I don't have any pictures of my shock right now, but will try to get some when I adjust the ride height. I do have a picture of the damage that I was talking about though.

DSC02132.jpg
 
Thanks for that link. It's exactly what I was looking for. But the Google Docs thing didn't want to work for me. Just threw an error.

I don't have any pictures of my shock right now, but will try to get some when I adjust the ride height. I do have a picture of the damage that I was talking about though.

DSC02132.jpg

That looks pretty ugly and definitely an unsafe situation by having the tire rub that much against the fender. Raising back to stock height should easily solve that issue. You should be able to get a cheap replacement for that inner fender on eBay...plenty of Gen I parts on there.
 
With that amount of damage, I have to wonder if something else was done to the bike, perhaps making it too low? Is the shock shot? Was the prior owner a very large/heavy person? Did that person travel with pillion a lot?
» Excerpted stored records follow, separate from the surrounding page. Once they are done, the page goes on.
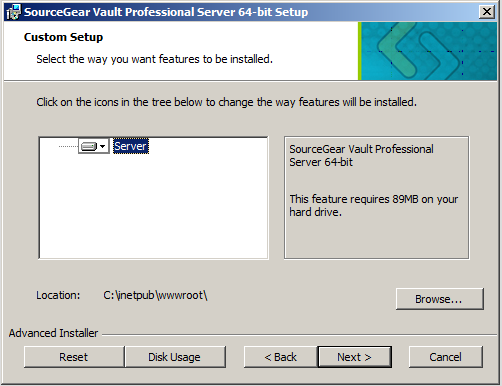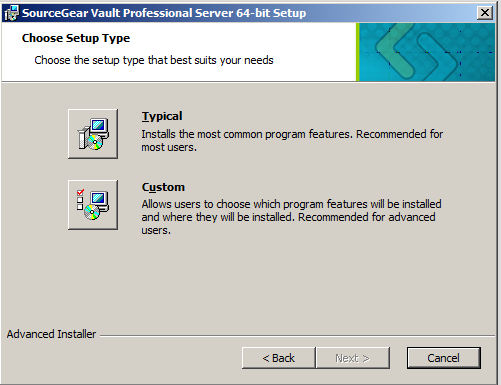This screen gives you the option of choosing a Typical or Custom setup. The "Custom" option allows you to choose the Vault installation directory; Typical chooses the install location automatically, generally C:\inetpub\wwwroot.
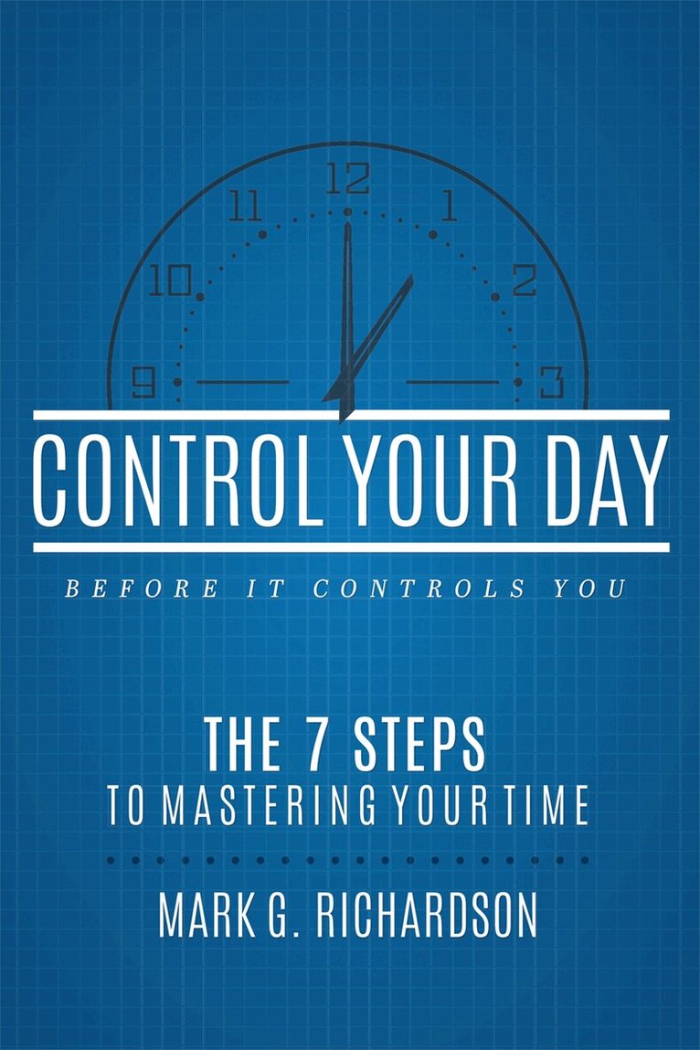 TAKE CHARGE OF YOUR TIME! We all have twenty-four hours in a day. How you choose to spend your limited time defi nes your success. With Control Your Day Before It Controls You, speaker and business advisor Mark G. Richardson walks you through a process with strategies, techniques, and tools to achieve time mastery. This system has been developed and taught to thousands of people over the last twenty-five years. You’ll learn to: •DEVELOP A TIME MIND-SET •WORK BOTH EFFECTIVELY AND EFFICIENTLY •REDUCE YOUR REACTIVE TIME •FIND THE RIGHT CADENCE IN YOUR DAILY ACTIVITIES •FOLLOW A TIME MASTERY FORMULA FOR SUCCESS By understanding time and practicing the time mastery system, you can gain control of each and every day.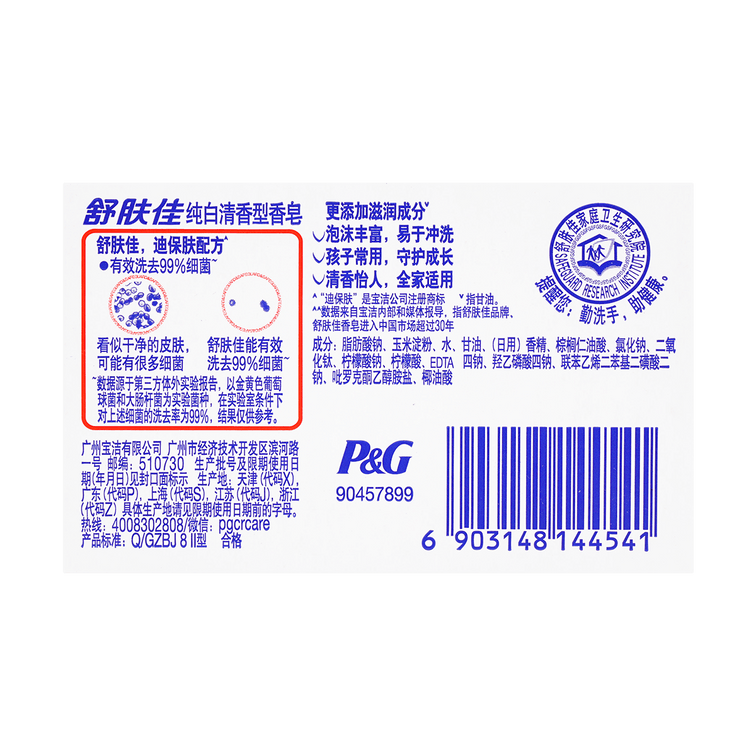 세이프가드 수딩 비누, 배스 & 핸드 클렌징 바, 퓨어 화이트 향, 100g
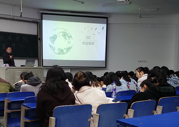 12月10日下午,我院邀请广东中迅农科股份有限公司人力资源部部长禹峰给我院17级和18级学生做就业创业专题讲座。讲座前,我院辅导员聂恒老师介绍了禹峰老师的个人情况,工作经历等。之后禹峰部长结合农学专业情况,用大量数据就就中外种植差异,在种植地域情况、第一产业工作人员受教育情况、粮食产量等方面向我院学生做了一个全面的介绍, 语言风趣幽默,师生互动性好。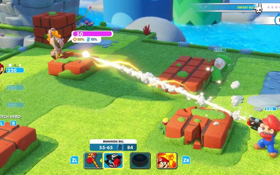 نکته مهم این است که بازی Mario + Rabbids: Kingdom Battle یک بازی استراتژیک واقعا عالی است که ویژگیهای اصلی عناوینی مانند بازی XCOM را به طور هوشمندانهای میگیرد و در عین حال، موانع ورود به این سبک برای تازهواردها را کاهش میدهد و ویژگیهای خاص خود را هم به این ترکیب اضافه میکند. اصول اولیه این است که شما تیمی از سه نفر را از فهرست در حال گسترش تیم خود به نبرد علیه یک گروه از ربیدهای مختلف با امکان یک حرکت، یک حمله و فعال کردن تواناییهای ویژه با تایمرهای خنککننده خود میبرید. این بازی سریع و قابل دسترسی است و به خوبی اصول اولیه (البته سادهشده) یک ژانر اغلب پیچیده را توضیح میدهد. احتمال موفقیت ضربه به دشمنان پشت کاور، به صورت ساده و خلاصه و در قالب سه عدد صفر، ۵۰ یا ۱۰۰٪ نمایش داده میشود در حالی که نوارهای سلامتی و محدوده قدرت سلاح شما نیز به وضوح تعریف شدهاند.

Why it seems this way to me is that the shock should bottom out before your tire hits the tail. There should not be this significant amount of damage from even extreme cornering even with that lowering link in place and NOT at the lowest setting. I don't think a company would sell a link that would put a rider in this much peril.

Something else is very wrong here.... I'd do a lot of investigation, like start tearing it all down and compare notes with Gen I owners here. IF anything, just for your own safety?!?!? Please?